Meldung vom 01.04.2016

Gerade wurden in Europa die Uhren von Winter- auf Sommerzeit umgestellt. Das indische Zeitgefühl dagegen tickt nicht nach der Uhr. Die Inder richten sich eher nach einem inneren Lebensrhythmus. Termine sind vage – Hektik, um zu einem vereinbarten Treffen zu kommen, gibt es selten. Aber Pünktlichkeit sucht man ebenfalls vergebens. Ein Besuch auf dem Uhren-Basar in Neu Delhi zeigt, dass die Zeit in Indien eher eine untergeordnete Rolle spielt.

Dass in Deutschland immer große Anstrengungen wegen der Zeitumstellung unternommen werden, trifft in Indien auf Unverständnis: Zeit ist relativ, wer eine Verabredung um eine bestimmte Uhrzeit festlegt, meint es nicht wirklich so. Warum ist das so?
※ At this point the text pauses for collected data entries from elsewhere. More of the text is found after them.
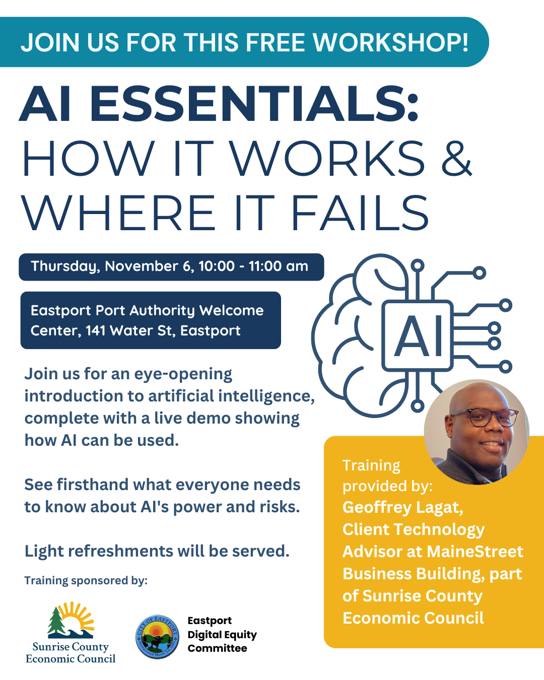 Date: January 6th Time: 11:30 AM - 12:30 PM Location: MaineStreet Business Building, 19 Main Street, Machias Details: Staying safe online is essential in today’s world. This one-hour overview class teaches you how to keep your information and your devices safe. Presented in partnership with the National Digital Equity Center and MaineStreet Business Building. Requirements: All participants must be enrolled […]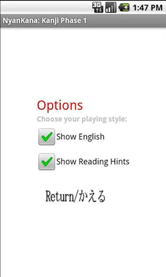 Practice your knowledge of kanji with this flash-card application. This version contains the 160 kanji taught during the 2nd grade of Japanese primary school.
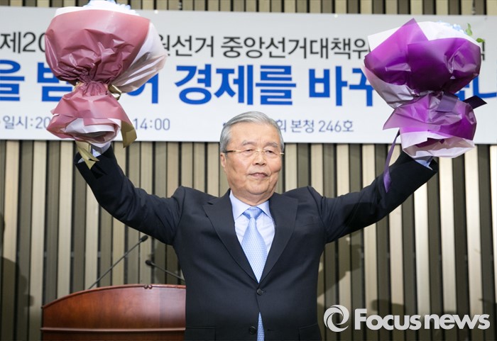 (서울=포커스뉴스) 김종인 더불어민주당 비대위 대표 겸 선대위원장이 15일 오후 서울 여의도 국회에서 열린 20대 총선 중앙선대위 해단식에 참석해 당직자들로부터 받은 꽃다발을 들고 포즈를 취하고 있다.

Die Uhren-Verkäufer im Basar von Delhi geben philosophische Einblicke.

Zwei Kühe stolzieren gemächlich wiederkäuend durch die engen Gassen, alle anderen weichen aus. Selbst die Rikscha-Fahrer, die sonst heftig strampeln, halten an und nehmen einen Umweg in Kauf. Die Zeit vergeht. Es ist halb zwölf an einem ganz normalen Vormittag. Immer noch sind einige Geschäfte auf dem Uhren-Basar in Old Delhi, dem alten Kern der indischen Hauptstadt, geschlossen.

„Wir haben einen sehr toleranten Zeitbegriff“, erklärt Schmuckverkäuferin Lakshmi Rastogi lakonisch. Das bedeutet: Sich aufregen lohnt sich nicht. Wenn alle immer zu spät kommen, ist es wenig sinnvoll, selber pünktlich zu sein. Aber ist Zeit nicht auch in Indien gleichbedeutend mit Geld?

Uhrenmacher Rajinder Kumar hat gerade erst das Rollgitter zu seinem kleinen Laden hochgezogen. Sein Geschäft nennt sich Rajinder Times, Rajinders Zeiten. Es befindet sich in einer der ältesten Uhrenmachergassen von Old Delhi. „Inder glauben nicht an das Konzept der Pünktlichkeit, also sind wir auch nicht pünktlich“, betont Rajinder lachend. In Indien sind alle „höchstwahrscheinlich unpünktlich!“

Und je länger er darüber redet, desto philosophischer wird er: „Die Zeit ändert sich für jeden Menschen, etwa alle vier bis fünf Jahre gibt es einen großen Einschnitt. Es heiratet jemand in der Familie, ein Kind wird geboren, es stirbt jemand“, weiß der grauhaarige Uhrenverkäufer mit Halbglatze, der längst auch chinesische Massenware im Schaufenster liegen hat. „Die Zeit ist auch in Indien wichtig, auch hier kann man nicht nur faul sein“, unterstreicht er. „Aber die Menschen hier sagen sich, dass sie ihre Aufgaben erledigen, wenn die Zeit reif dafür ist.“

Rajinder Kumar erfasst die Zeit wie viele Inder in einem größeren Rahmen. Nicht Sekunden, Minuten oder Stunden seien ausschlaggebend, sondern es drehe sich um den Fluss des Lebens. Die meisten Inder gehören dem Hinduismus an – und Hindus sind von der Wiedergeburt überzeugt. Das Leben hat also keinen Schlusspunkt, sondern es vollzieht sich in Kreisläufen.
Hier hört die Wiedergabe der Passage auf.